Octobre 2018


Quid aujourd'hui de la relation franco-allemande ?

La presse allemande constate l'absence de leadership allemand et la lenteur à répondre aux propositions françaises.

Angela Merkel est-elle encore la personnalité politique la plus puissante d’Europe ? En quittant le pouvoir, Barack Obama avait symboliquement passé le flambeau de la « défense de l’ordre international libéral » à la chancelière allemande. Qu’en a-t-elle fait ? Interroge Der Spiegel. Pas grand-chose. La preuve — je cite : « L’Allemagne se retrouve une fois de plus dans le rôle de spectateur de la politique internationale. Le gouvernement allemand a dû se bagarrer pour obtenir un siège au sommet anti-Assad de Bruxelles des 24 et 25 avril. Quant aux sanctions contre la Russie en réponse à l’empoisonnement de l’agent double Sergei Skripal, l’Allemagne n’avait rien à en dire. En Union européenne, c’est Macron qui est assis sur le siège du conducteur ».

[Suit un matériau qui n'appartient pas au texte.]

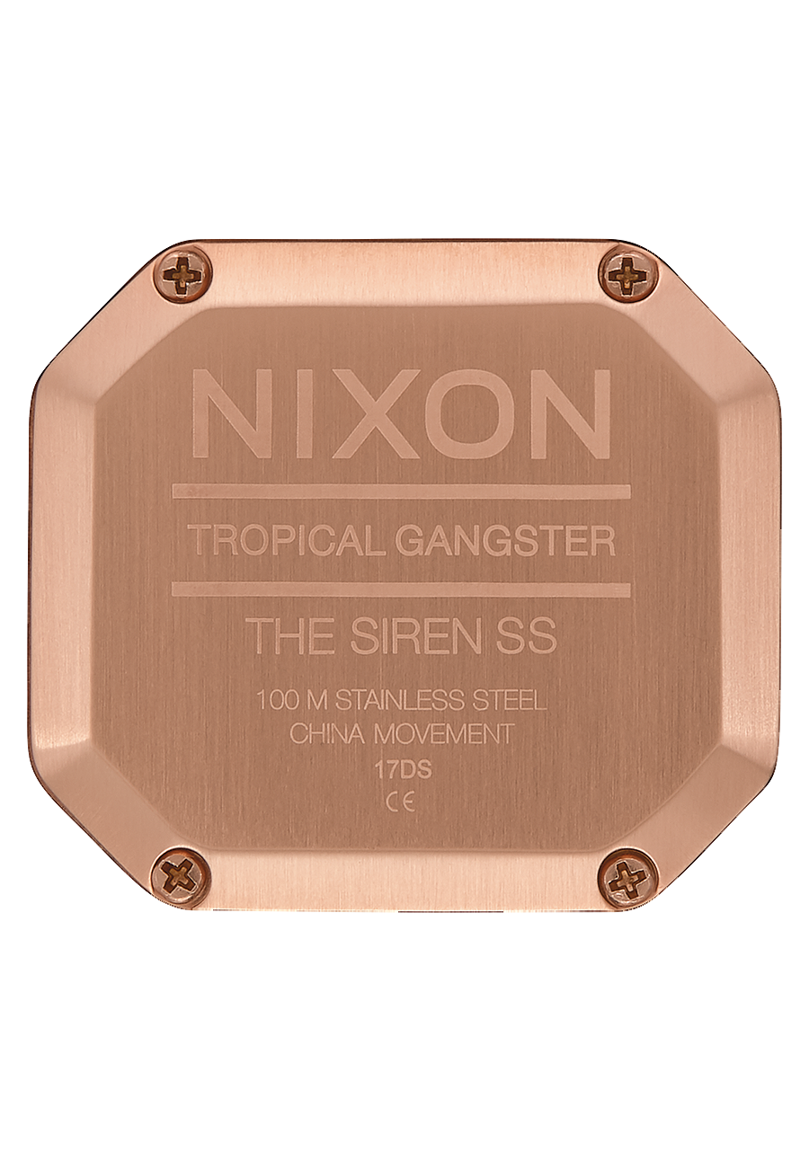 El Nixon Siren Stainless Steel utiliza una caja de acero inoxidable personalizada con barras y pulsadores de acero inoxidable, y una correa de silicona ultra suave moldeada por inyección con una hebilla de acero inoxidable sólido y barras de tornillo. El reloj es resistente al agua hasta 100 metros / 10 ATM, lo que lo hace altamente duradero para uso en agua y deportes.
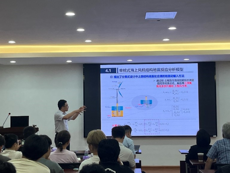 马超副教授以《城市地下结构抗震韧性评价方法研究》为题,围绕地下结构抗震韧性设计功能损伤函数与功能恢复函数的定量表达,地下结构各构件功能需求参数与阈值,地下结构地震动强度参数确定与易损性分析方法,以及地下结构抗震韧性评价案例分析等问题进行介绍。王丕光教授以《海洋工程结构抗震分析方法研究》为题,针对风浪流和地震作用下海洋工程结构与海床地基系统的耦合响应机理的科学问题,详细介绍了水体-结构-土体耦合系统地震反应的高效分析方法,地震作用下水-结构动力相互作用的附加质量简化分析方法,以及固定式海上风机一体化抗震分析方法及振动控制措施。师生代表们就结构震后功能的水准划分以及地震易损性分析中参数不确定性,数值模拟中附加质量方法的适用条件,涌浪和近岸波浪的作用机制等问题进行了深入交流。

Et der Spiegel de dresser un long parallèle entre l’éternelle chancelière allemande et le nouveau président de la République français. Merkel a eu affaire à quatre présidents français, y lit-on, « Jacques Chirac, le charmeur macho, l’hypernerveux Nicolas Sarkozy, l’infortuné François Hollande. Avec chacun, elle a eu le dessus. Par sa tranquille ténacité, son attention aux détails, sa prudence. Emmanuel Macron, lui semble remplir tous les vides qu’elle laisse.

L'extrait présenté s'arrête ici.